Hi-ho, hi-ho, it’s off to work I go….

Oh I’m sorry? Didn’t I JUST birth a 7lb 14oz baby? or was that TWELVE (12!!) weeks ago? Apparently it is the latter, because I returned to work on Monday the 24th!

I had a fair amount of anxiety in the days leading up to the return. Not about returning to WORK, but about leaving her and knowing we would have to adjust to a new schedule.  That and saying goodbye to mid afternoon naps.

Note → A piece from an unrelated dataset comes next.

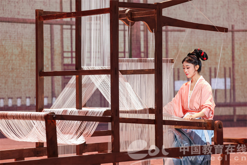 作品《织·梦》改编自浙音原创舞蹈《白纻舞·在水一方》,展示了中国传统的“女织”风俗,颇具江南审美意象。舞台上,青年教师李秋竹及喻佳颖、周莹、林可欣等15位同学将传统纺织技艺融入舞蹈动作,以纺织女工的梦境作为载体,通过舞蹈与现代科技交融的形式,将织女的巧艺与对美满生活的向往呈现在诗情画意的山水意境之中,将南宋古画《蚕织图》缓缓展开,为观众带来一场古今相通,美轮美奂的艺术体验。

All in all, the work part of the day was a success.  On the extra A+ side, my super office lockdown consisting of a locked door, “Meeting in session” sign, and closed blinds allow me to pump in peace! Towards the end of the day, I could feel my heart bursting with excitement to see Vivi. She was a little cranky when I picked her up from Grandma L’s house, and it melted my heart to know that a little comforting from me quieted her right down.  It was rough to only have about an hour and a half to play and dance with her before her bedtime, but we made the most of it, and I tried to soak up every minute.

But, as everyone told me it would, the mommy guilt starts.  So far, it is focused on how well I have adjusted so far.  Granted, it has only been 2 days, but I haven’t cried at all since I returned.  I shed a few tears Sunday night, but not a drop on Monday morning or this morning.  Part of me thinks that’s good! No seperation anxiety! Good adjustment for all! But the Mom part of me says “OMG YOU ARE A TERRIBLE MOTHER! You need to want to be with your baby all the time every single second of the day!”   It’s hard to admit this, but I do need to work. I do need adult interaction and intellectual stimulation.  I want to feel the need to snatch Vivi up as soon as I walk in the door, instead of handing her off to Bob when he returns from work.

It will break my heart to miss some of her “firsts”, but I couldn’t be happier that her Grandparents will be the ones to relay that news to us. I hope to learn to acknowledge and confront these feelings and realize that needing my job will make me a rockin’ Mom.